NYPD Offers Details Of New Public Surveillance Camera Program
Ever get the feeling you're being watched? Just wait a while. The Police Department is in the process of setting up hundreds of cameras to keep silent watch on many streets, and all the people who walk them. NY1’s Solana Pyne filed this report.
They're in the subways. Private businesses have them. But NYPD officials say the police have only installed a few dozen of their own surveillance cameras on the streets of the city.
"The system will consist of 505 cameras to be installed in two phases in a total of 253 locations, first in Brooklyn and then in the remaining boroughs,” said NYPD Deputy Inspector Delayne Hurley. “The locations have been selected primarily on the basis of combating concentrated pockets of crime."
A pilot project is already underway in the 83rd Precinct, and Inspector Hurley said that the system will be expanded within a matter of weeks.
Hurley spoke at a City Council Public Safety Committee hearing Tuesday, giving the most detailed description yet of the department's plans to get cameras onto the streets of the city.
“The recorded image will be digitally stored, enabling investigators to access it at a future date if necessary,” Hurley said. “Camera locations will have signs posted nearby clearly stating that the area is being monitored by the Police Department."
And soon, Lower Manhattan is slated to get hundreds more cameras as part of a new counter-terrorism initiative there.
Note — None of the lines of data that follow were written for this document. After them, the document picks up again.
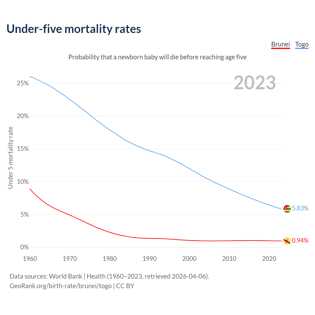 The chance that a newborn baby will die before reaching age five is 0.94% in Brunei and 5.83% in Togo. Above is a chart with historical data on under-five mortality rates.
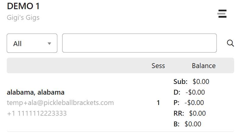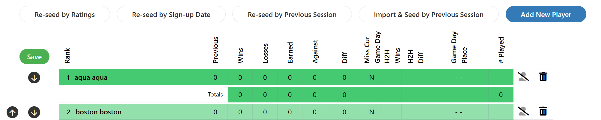 - Session Players - A list of the players registered in the current session as they are ranked on the ladder. League manager can add, delete, hide and move players.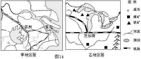 本题解析:本题考查局部区域比较。结合图示的海陆轮廓和重要的地理事物判断:甲表示我国的长三角地区,乙表示美国五大湖周围。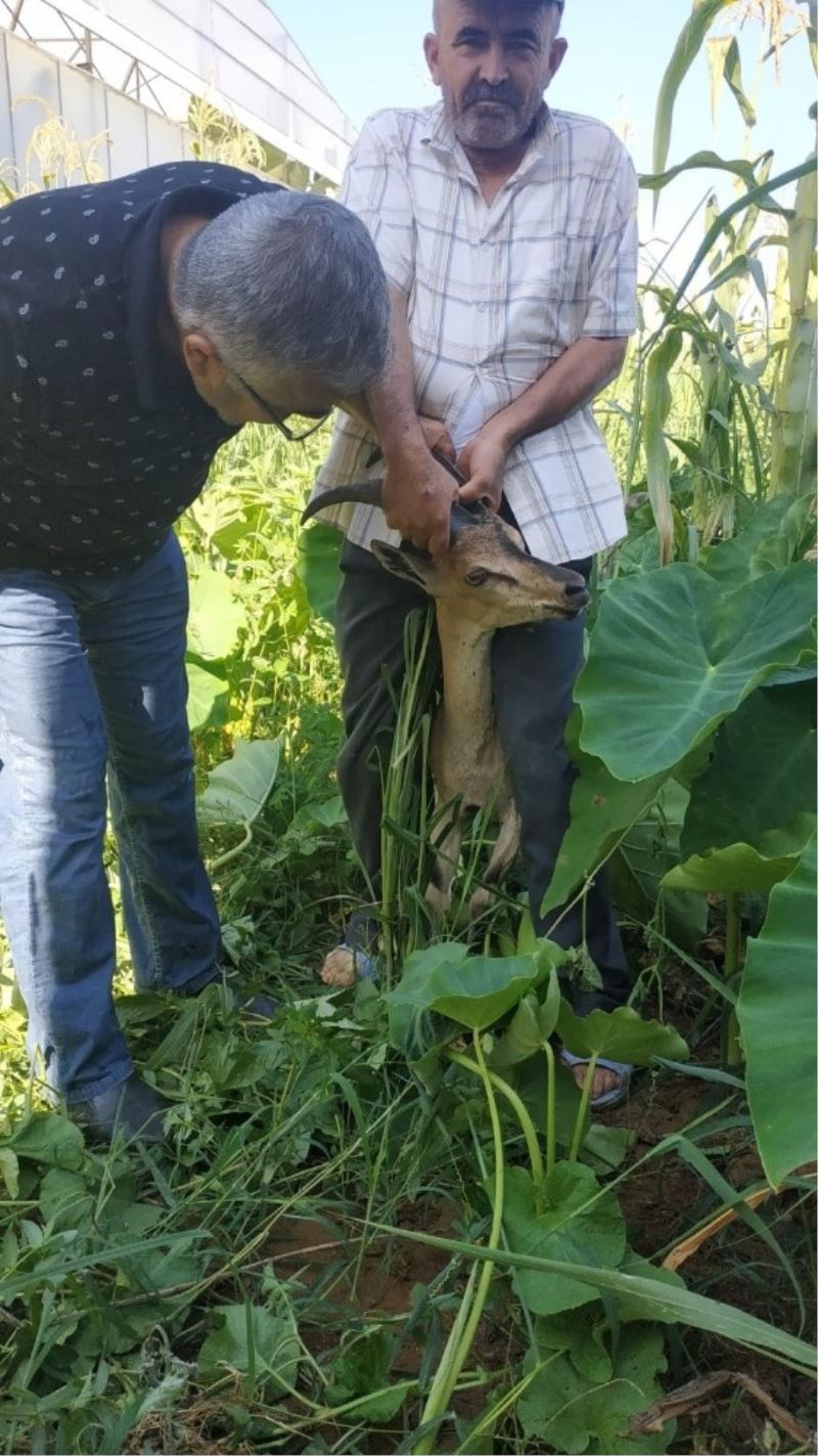 Mersin’in Bozyazı ilçesinde yılan tarafından sokulduktan sonra panikleyerek bir muz serasına sığınan yavru dağ keçisi, vatandaşlarca tedavisi yaptırılarak doğal yaşamına bırakıldı.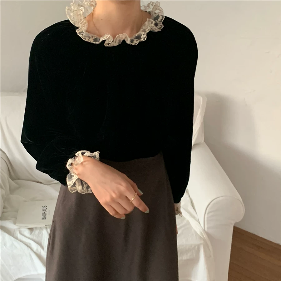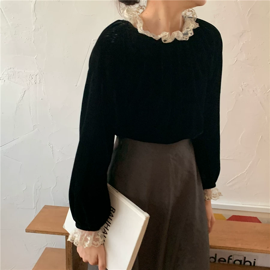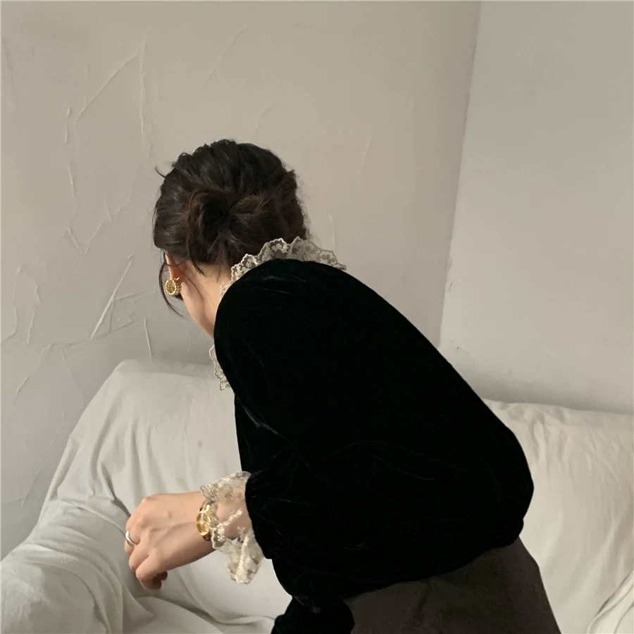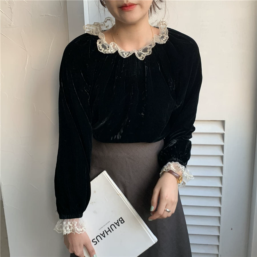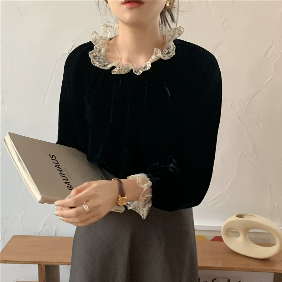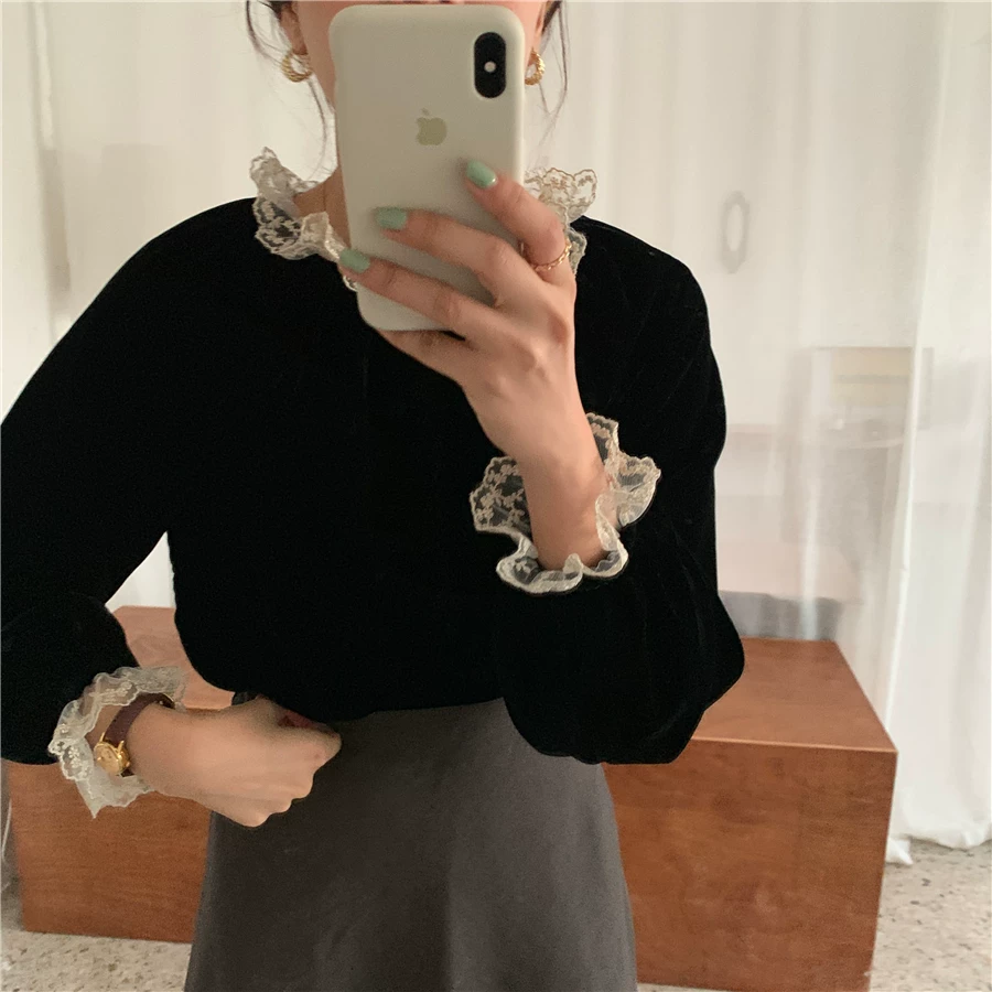 Шикарная кружевная рубашка с рукавом-колокольчиком, женские корейские милые женские рубашки в стиле Харадзюку, ольччан, японская кавайная Женская винтажная одежда для женщин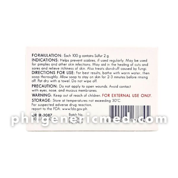 FORMULATION Each 100 g contains Sulfur 2 g : INDICATIONS: Helps prevent scabies, if used regularly. May be used for pimples and other skin infections. May aid in the healing of cuts and sores and relieve itchiness of skin. Also treats dandruff caused by fungi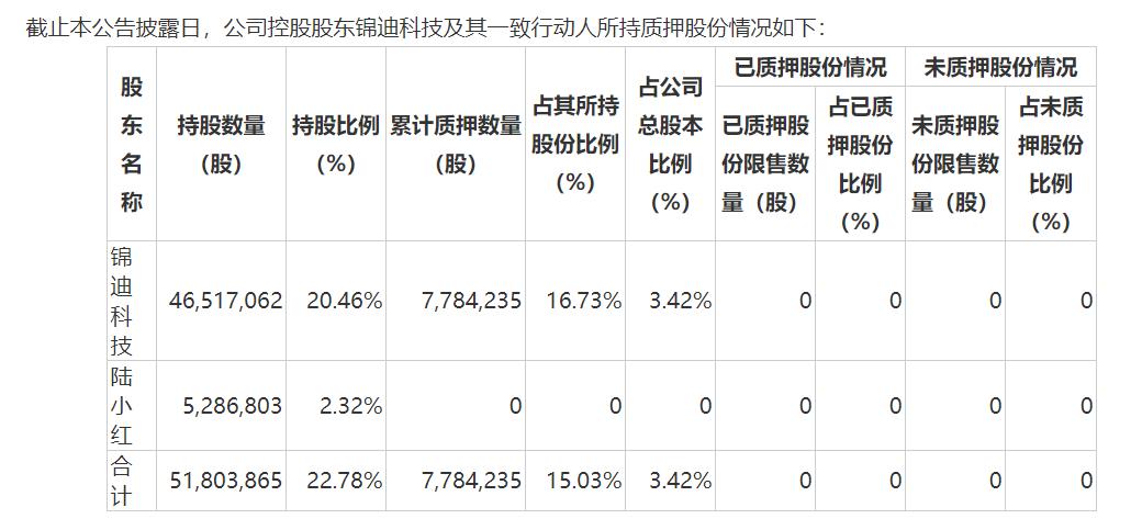截至2023年12月29日,锦迪科技累计质押公司约778万股股份,占其所持股份比例的16.73%。

It’s a project so new, Hurley said he could tell the council little about it.
“Because this program is under development, I will not be able to provide further detail about it at this time," he said.
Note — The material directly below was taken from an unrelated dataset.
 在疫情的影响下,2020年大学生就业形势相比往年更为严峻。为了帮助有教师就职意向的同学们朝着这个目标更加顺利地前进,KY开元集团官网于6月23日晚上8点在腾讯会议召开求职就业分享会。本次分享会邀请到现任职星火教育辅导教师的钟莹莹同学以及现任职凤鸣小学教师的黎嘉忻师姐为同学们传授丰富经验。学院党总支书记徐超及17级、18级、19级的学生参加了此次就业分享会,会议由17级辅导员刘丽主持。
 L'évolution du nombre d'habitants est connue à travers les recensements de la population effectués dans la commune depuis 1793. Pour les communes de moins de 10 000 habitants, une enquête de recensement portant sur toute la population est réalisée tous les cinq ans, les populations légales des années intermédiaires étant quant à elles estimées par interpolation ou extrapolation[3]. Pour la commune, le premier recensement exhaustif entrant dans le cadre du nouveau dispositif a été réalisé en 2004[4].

Police officials also were unable to provide enough details to calm worries about how surveillance recordings will be used and how misuse will be detected and punished.
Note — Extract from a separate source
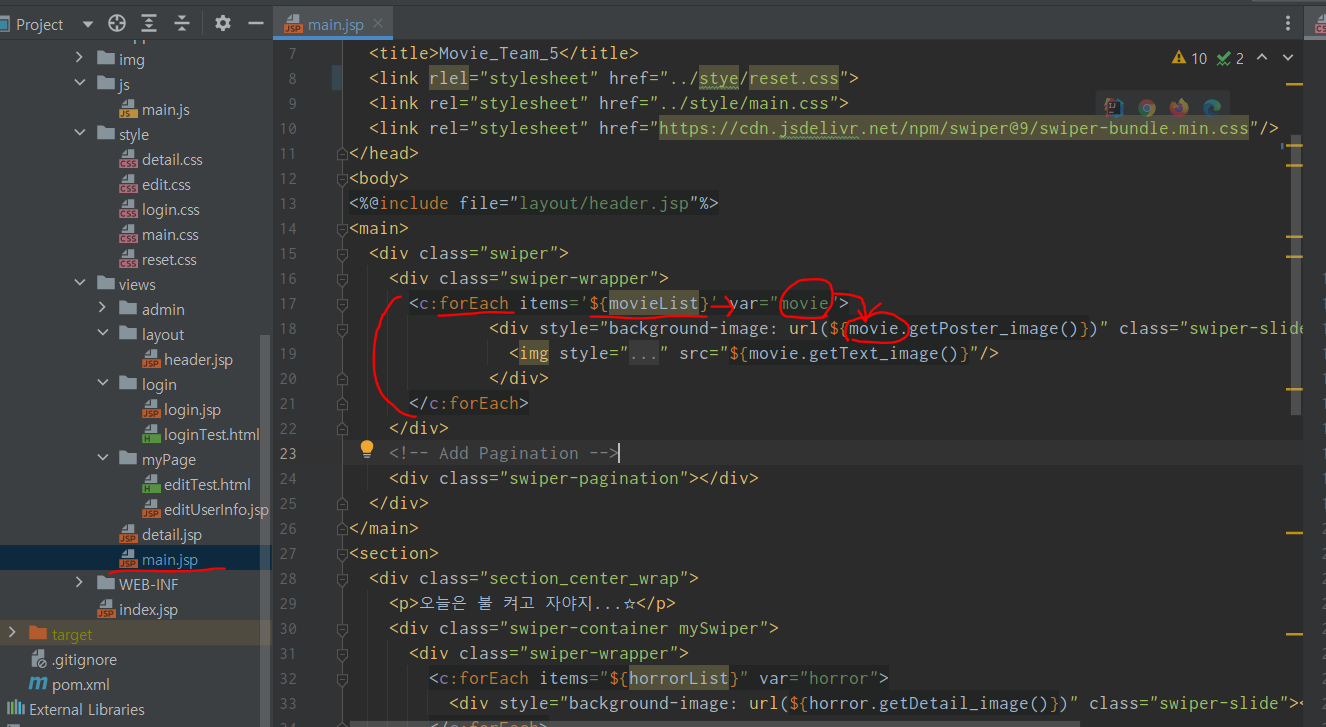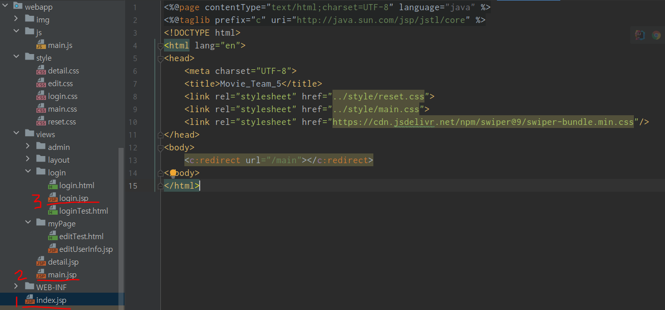 1. index.jsp : 서버 키자마자 열리는 곳 <c:redirect url="/main"></c:redirect>으로 main으로 보냄

“What's the plan? And how is the department holding officers to what standards? And how are they training officers and setting up a system so that our rights are not needlessly violated?" asked Donna Lieberman of the New York Civil Liberties Union.
Committee Chairman Peter Vallone Jr. said he was frustrated by the lack of information officials provided at the hearing, but he says the department promised to follow up with more.
He also said cameras will make us safer.
“My first concern is that we need to get this rolled out as soon as possible. Video cameras will help us deter terrorism,” Vallone said. “But number two, we need to do this within proper guidelines to ensure that people's privacy is protected."
Meanwhile, the NYPD seems to be proceeding full steam ahead.